Más pequeños, pero sanos

Por qué desaparecí sin decir nada y qué dejó tras de sí la operación

8/15/20263 min leer

Antes de escribir este post, estuve una hora mirando una pantalla en blanco. El estrés me supera. Mi desaparición en marzo fue larga y sé que os he fallado a muchos. En los mensajes privados primero preguntabais si todo estaba bien, y luego empezasteis a enfadaros. No me extraña. En este sector, desaparecer tanto tiempo es un riesgo. Este post es para explicar mi desaparición y mi ausencia. Necesito sacar lo que llevo dentro.

Hace unos meses me hice una serie de pruebas. Después escuché una noticia que me dejó destrozada. Me encontraron tumores en los pechos. Por suerte resultó que solo eran lesiones benignas, fibroadenomas. El problema era que los tumores crecían muy rápido, se hacían grandes y dolían cada vez más. Sentí miedo y dolor. El médico no se anduvo con rodeos… dijo que tenía que quitármelos de inmediato. Tenía que pasar por el quirófano y extirpar los tumores.

Me daba miedo la operación clásica. Busqué un médico que me quitara los tumores sin cortes ni cicatrices en los pechos. Al final di con un cirujano. El cirujano hizo la operación por endoscopia, a través de la axila. Suena complicado, pero en la práctica significaba que el corte y la cicatriz están en la axila. En el escote y en los pechos no hay ninguna marca del bisturí.

Aunque conseguí evitar las cicatrices, después de la intervención las cosas fueron duras. Como los tumores eran muy grandes, al extirparlos quedó un hueco enorme por dentro. Los pechos se me encogían muchísimo cada día.
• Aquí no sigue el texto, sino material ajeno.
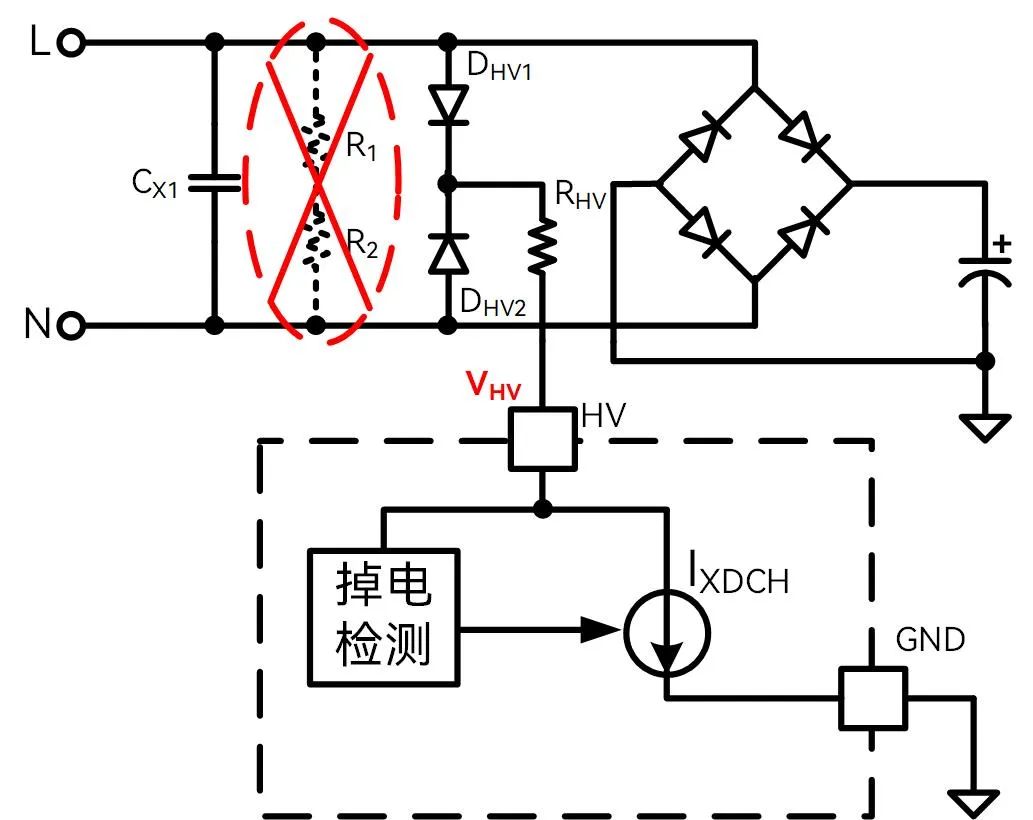 为了防止用户在拔下电源时意外触碰交流输入端子而导致被电击,需要在 CX1 电容上并联放电电阻(R1、R2)。但放电电阻的存在会增加系统待机功耗。芯片集成了输入掉电检测和 X 电容放电功能,可以省去放电电阻,并有效降低待机功耗。同时 HV 管脚具备了交流输入欠压的保护功能。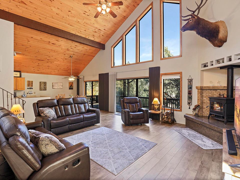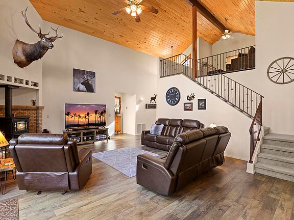 Perfect weekend getaway or full time residence. Open floor plan perfect for entertaining. Enjoy 20 ft cathedral T&G ceilings. Plenty of natural light through the wall of windows. Perfect to take in the abundance of nature! Watch the local wildlife from the partially covered TREX deck. Or sit outside on a chilly evening by the fire pit. Home boasts 3 large bedrooms and 3 nicely appointed bathrooms. Finished basement is a bonus for extra space. Two car attached garage plus a 19 x 28 detached garage/workshop. Additional shed with fenced area for a garden or dog run. Large additional storage off attached garage. You're going to want to see this gem in Pine!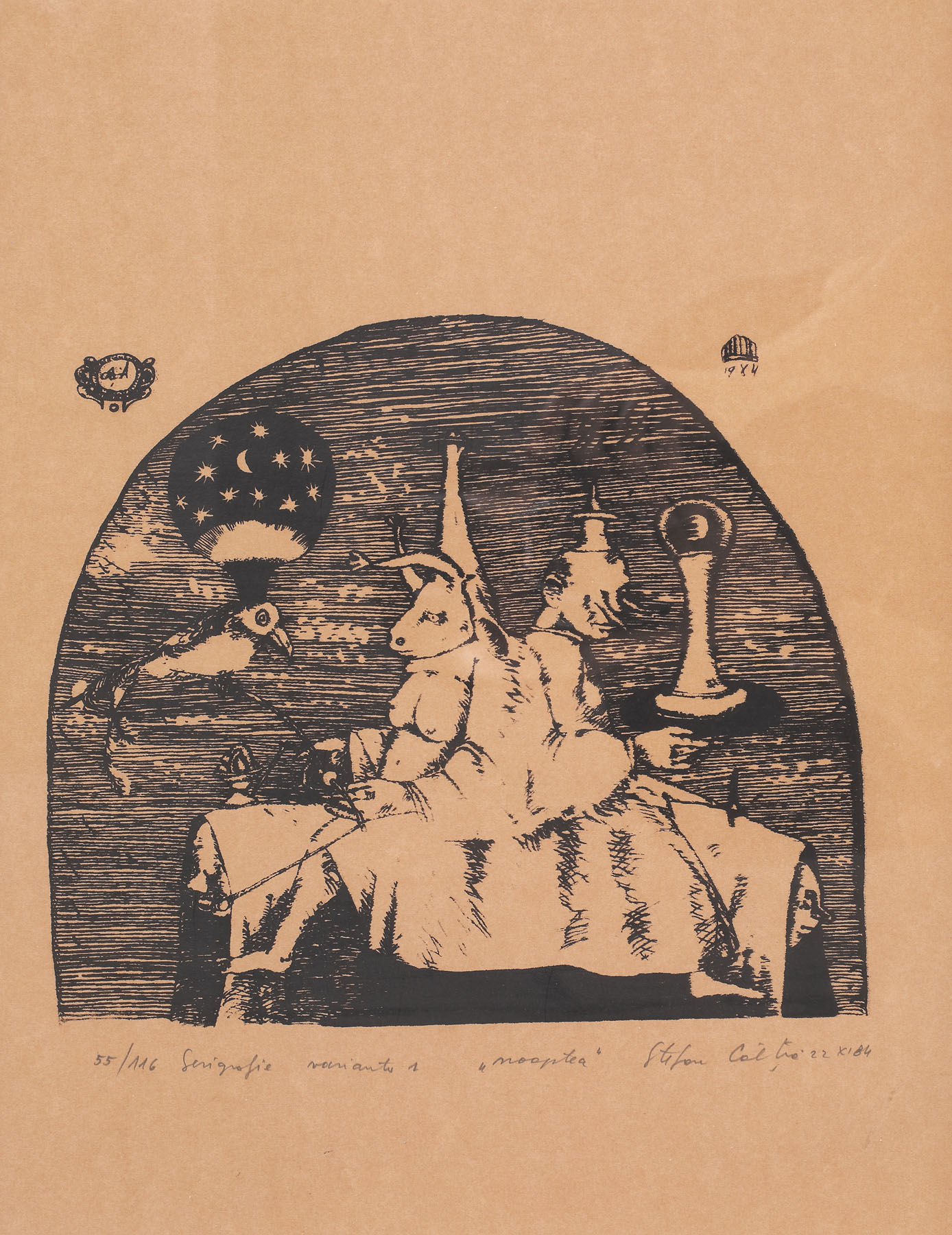 semnat, datat, intitulat și numerotat central jos, în creion, "Ștefan Câlția, 20 XI 1994, Noaptea, Varianta I, 55/116"

La piel, que antes estaba tensa por los tumores, perdió toda la firmeza de antes. Antes de poder volver a la red, tuve que aguantar días dolorosos con drenajes. Tuve que aguantar semanas con un sujetador de compresión rígido. El médico me dijo que me cuidara. Tuve que aislarme de todo, porque quería centrarme en la salud y en la cicatrización. Sentía que cada respiración dolía, pero la salud y la cicatrización eran lo más importante. Por eso no estuve.
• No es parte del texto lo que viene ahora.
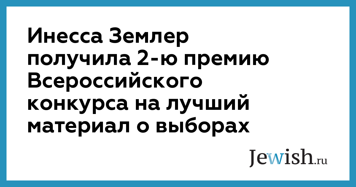 Инесса Землер получила 2-ю премию Всероссийского конкурса на лучший материал о выборах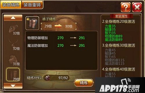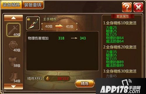 当全身部位均精炼至相应的等级时时,角色会获得额外属性奖励以及装备散发出酷炫光辉。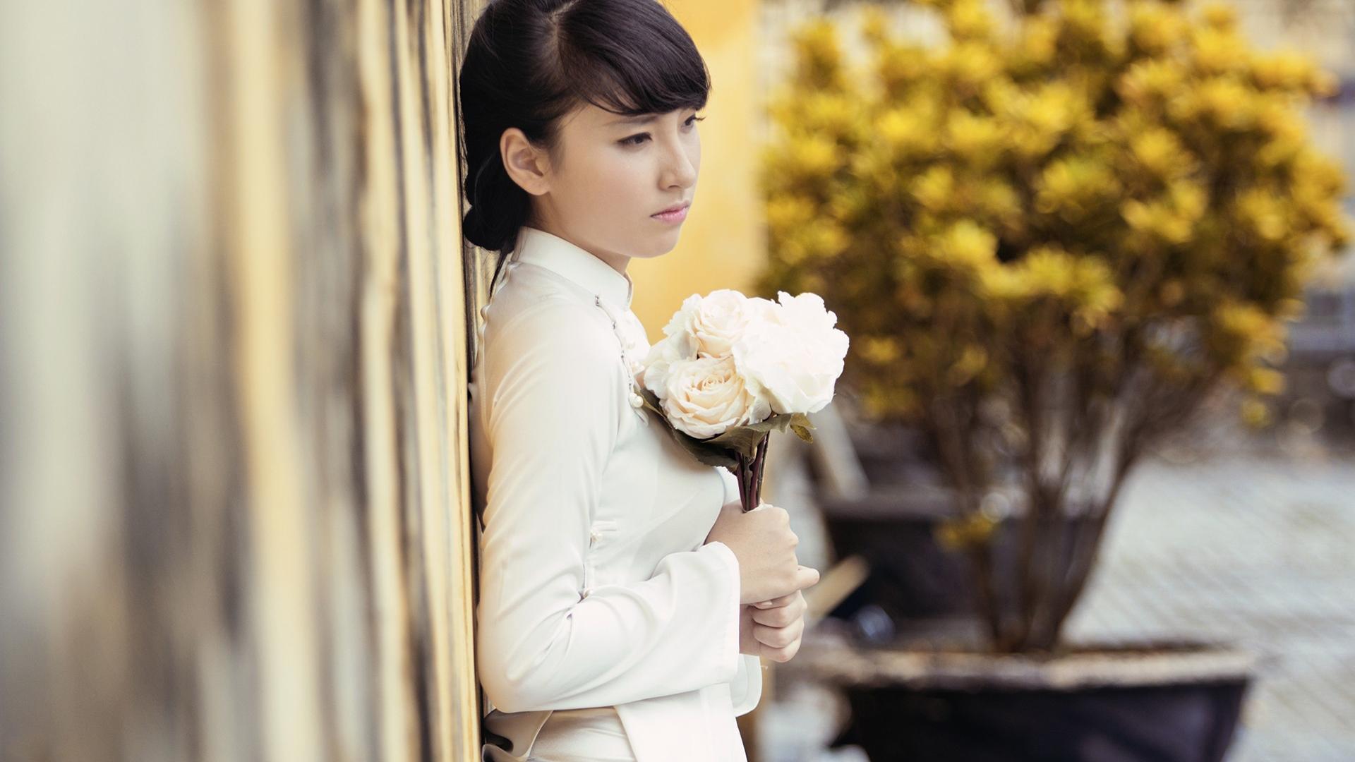 Обои Девушка с букетом белых роз

Después de todo esto, cuando me cambiaba los apósitos, me vi por primera vez en el espejo. Fue realmente duro. Tuve que trabajar mucho para acostumbrarme al nuevo reflejo. El reflejo me parecía ajeno. En las últimas semanas hice cientos de fotos. Hice cientos de fotos buscando en mí la seguridad de antes. La seguridad se desvanecía, y yo la buscaba en cada foto. Lloré, derramé un mar de lágrimas por lo que quedaba de mi antiguo atributo. Ese atributo antes era fuerte, y ahora solo era una sombra.

Al final, poco a poco, empecé a darme cuenta de lo que en la desesperación se me había escapado. Me centré en un solo punto. Ese punto es el hecho de que mis atributos no son solo los pechos. Mis atributos también son las piernas largas y el trasero. Ese hecho no ha cambiado. Entendí que el atractivo no había desaparecido. Entendí que la feminidad no había desaparecido. El atractivo y la feminidad no desaparecieron junto con mi antigua talla de pecho.

He preparado un nuevo set de fotos. Es el primer set desde marzo. En las fotos mis pechos son más pequeños después de todo lo que ha pasado, pero son naturales y, lo más importante… sanos. La mente me plantea todo tipo de escenarios. Me dan un poco de miedo vuestras reacciones. Ya no quiero huir y ya no puedo. Pulso el botón de publicar. Me tiemblan las manos, pero lo hago igual. Vuelvo.